Task details –
Exactly the lines from the one holding "George Collective - 100%" through the end of the material below must be printed, nothing more, and the pictures must be dropped.
■ ■ ■
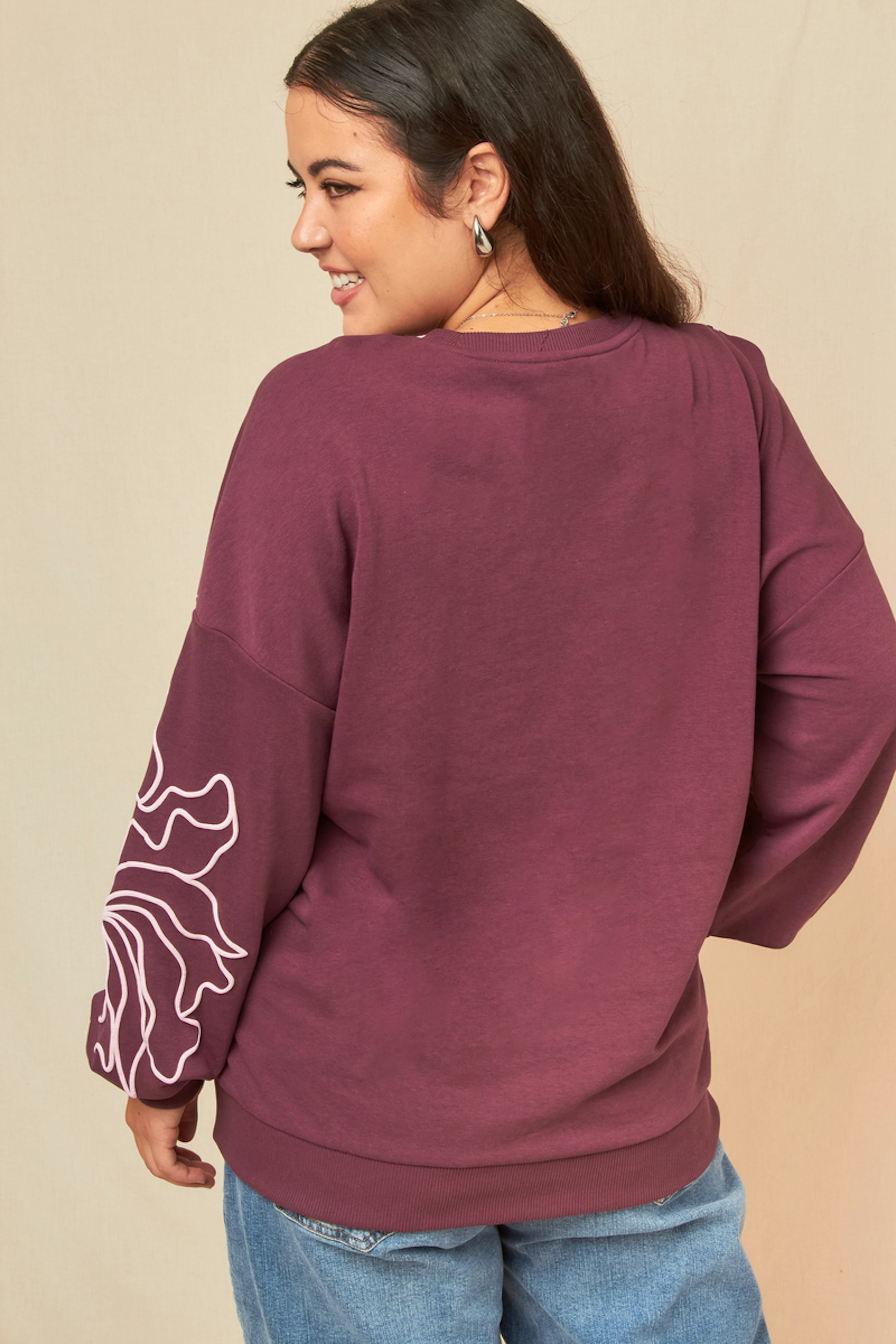 Combine this purple sweater with casual jeans and white sneakers for a chic and comfy look. Perfect for all seasons. • Cotton sweater • Loose fit • Long sleeves • Floral pattern • Round neck
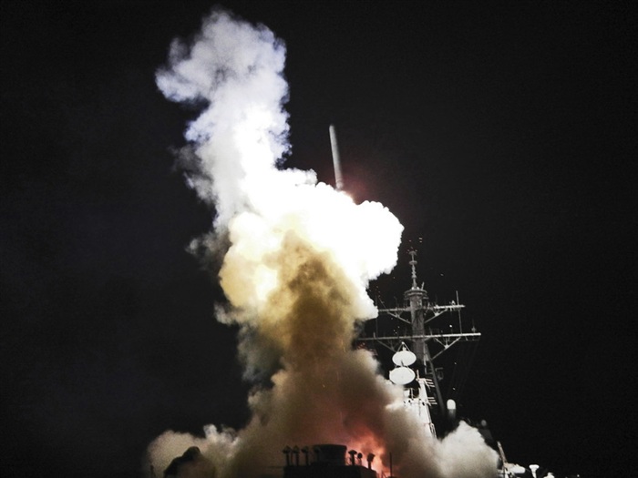 艾伦:“大家一定都知道,仅3月19日一天,美国与英国的军舰与潜艇就发射了上百枚战斧式巡航导弹,袭击了20多处利比亚的防空设施,那么战斧导弹究竟有哪些好处让美国等欧美国家自90代开始逢战必用战斧巡航导弹?”
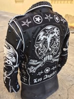 Created in L.A., by MV himself, his customized collection of jackets are all hand studded and hand painted. Please allow 2-4 weeks for shipment.
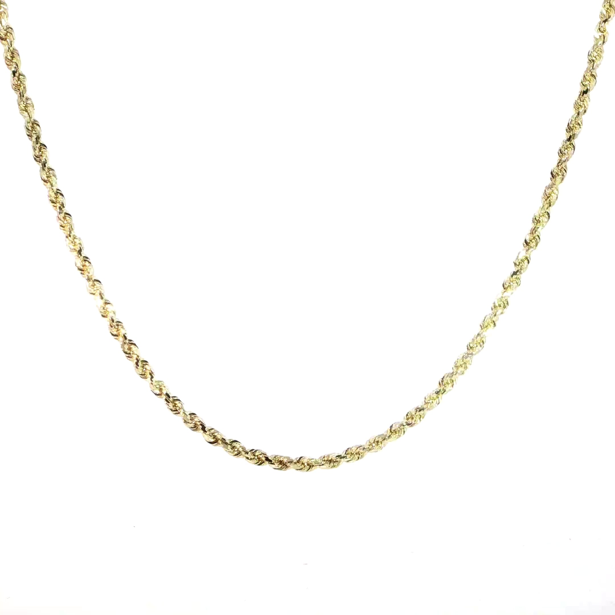 Crafted in rich 14K yellow gold, this solid 3.5mm rope chain features a brilliant diamond-cut finish that catches the light from every angle. A timeless piece with luxurious weight and durability, perfect to wear solo or with a pendant.
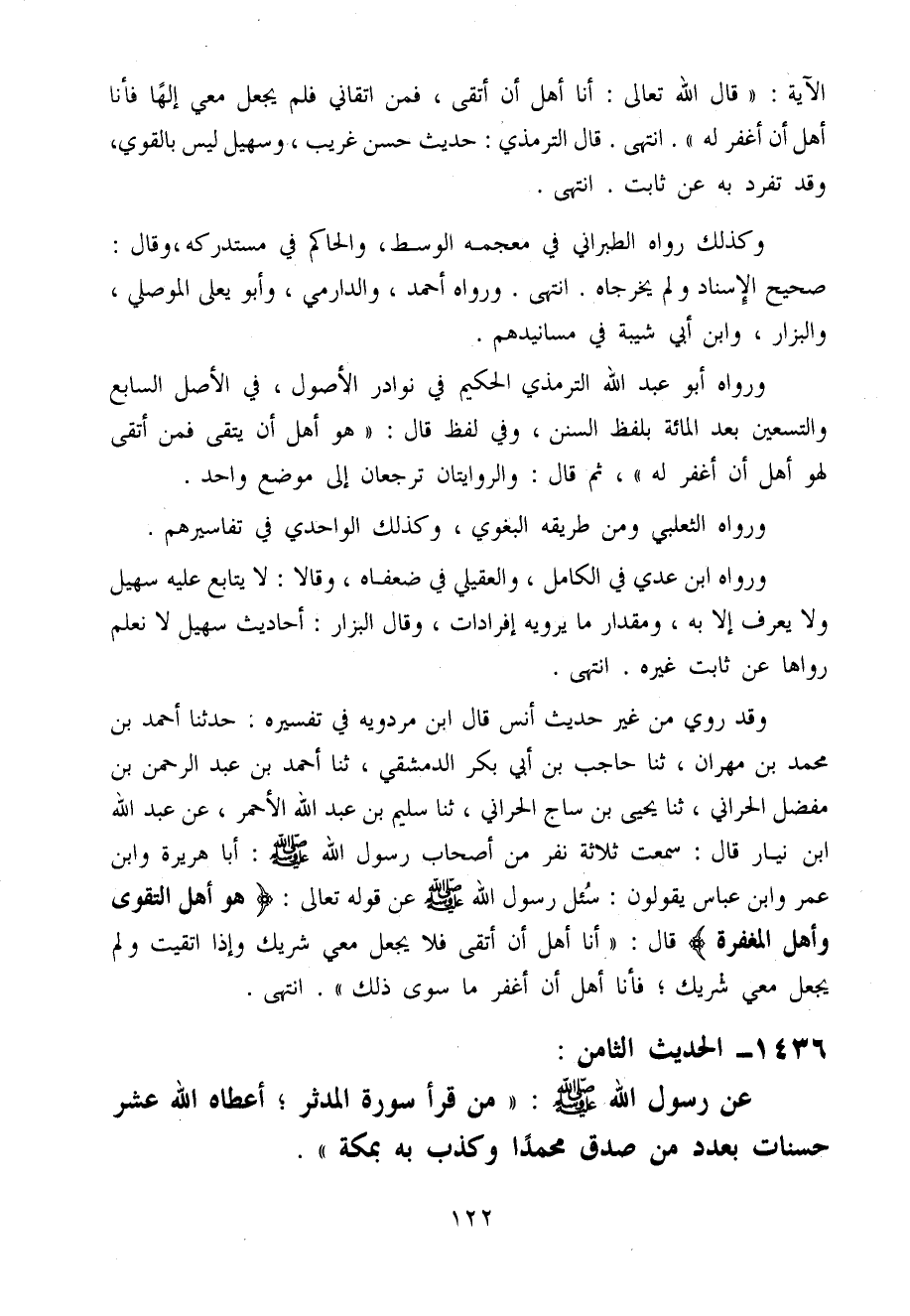 وَقد رُوِيَ من غير حَدِيث أنس قَالَ ابْن مرْدَوَيْه فِي تَفْسِيره حَدثنَا أَحْمد بن مُحَمَّد بن مهْرَان ثَنَا حَاجِب بن أبي بكر الدِّمَشْقِي ثَنَا أَحْمد بن عبد الرَّحْمَن بن مفضل الْحَرَّانِي ثَنَا يَحْيَى بن سَاج الْحَرَّانِي ثَنَا سليم بن عبد الله الْأَحْمَر عَن عبد الله ابْن نيار قَالَ سَمِعت ثَلَاثَة نفر من أَصْحَاب رَسُول الله صَلَّى اللَّهُ عَلَيْهِ وَسَلَّم َ أَبَا هُرَيْرَة وَابْن عمر وَابْن عَبَّاس يَقُولُونَ سُئِلَ رَسُول الله صَلَّى اللَّهُ عَلَيْهِ وَسَلَّم َ عَن قَوْله تَعَالَى هُوَ أهل التَّقْوَى وَأهل الْمَغْفِرَة قَالَ أَنا أهل أَن اتَّقَى فَلَا يَجْعَل معي شريك وَإِذا اتَّقَيْت وَلم يَجْعَل معي شريك فَأَنا أهل أَن أَغفر مَا سُوَى ذَلِك انْتَهَى
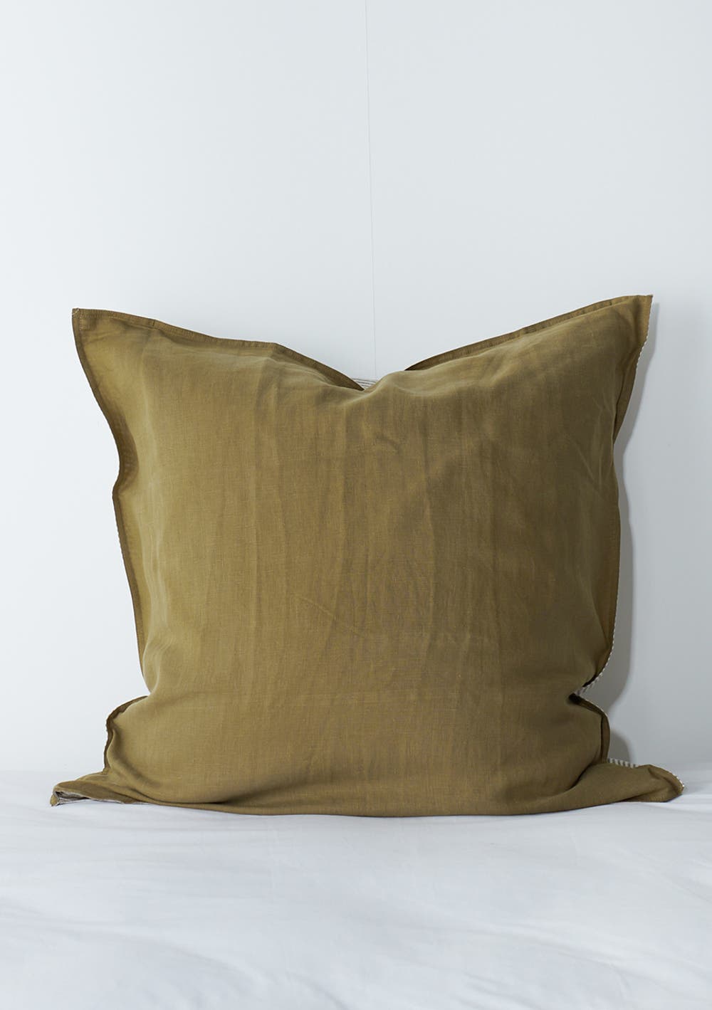 George Collective - 100% European Flax Linen Euro Pillowcase - Olive Stripe/Olive
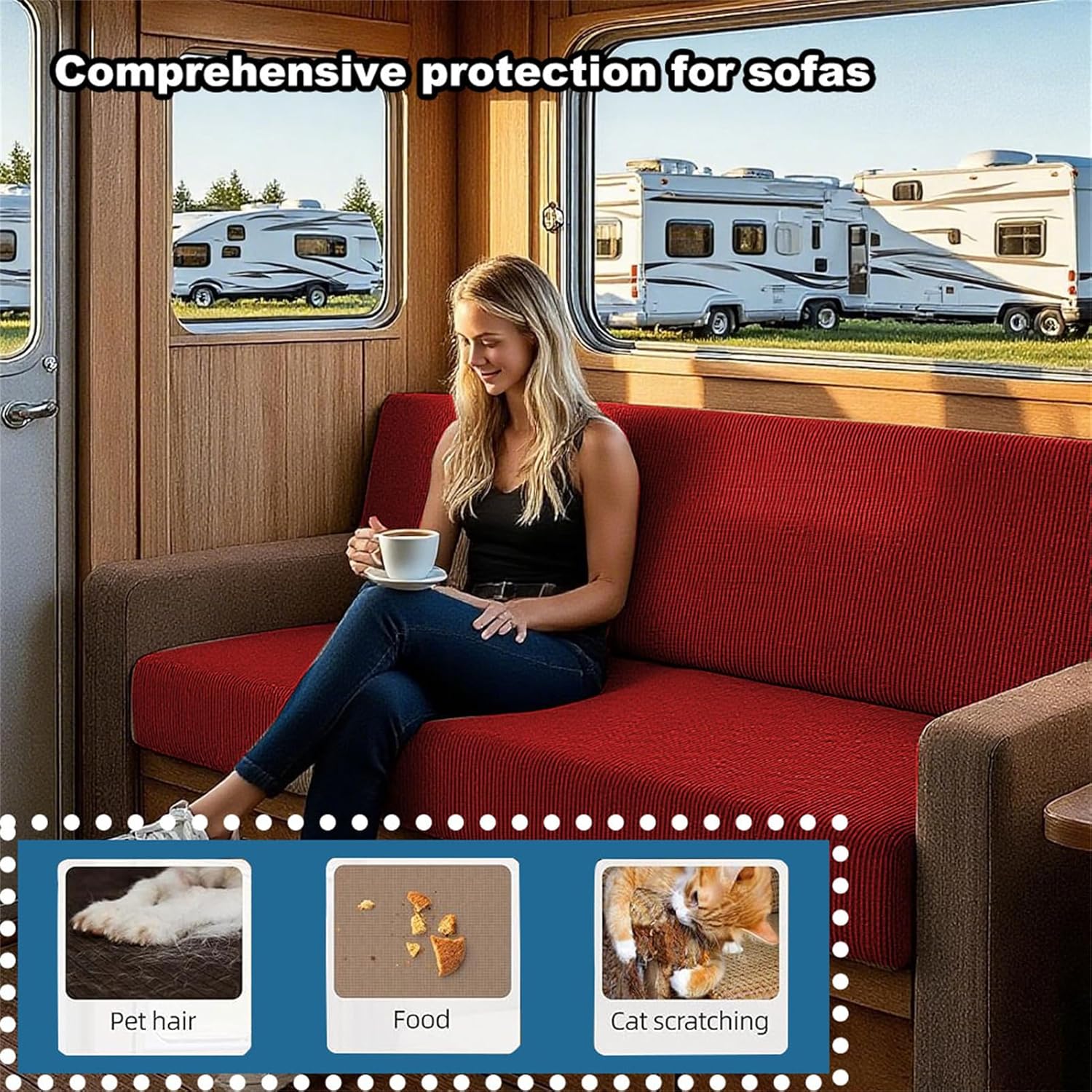 Калъф за възглавница за каравани и кемпери. Разтеглив жакардов калъф с еластична лента за облегалката, възглавницата за пейката и дивана за вътрешна и външна употреба (бордово червено, Д 230-280 см Ш 50-65 см)
■ ■ ■
Result of the task –
 George Collective - 100% European Flax Linen Euro Pillowcase - Olive Stripe/Olive
 Калъф за възглавница за каравани и кемпери. Разтеглив жакардов калъф с еластична лента за облегалката, възглавницата за пейката и дивана за вътрешна и външна употреба (бордово червено, Д 230-280 см Ш 50-65 см)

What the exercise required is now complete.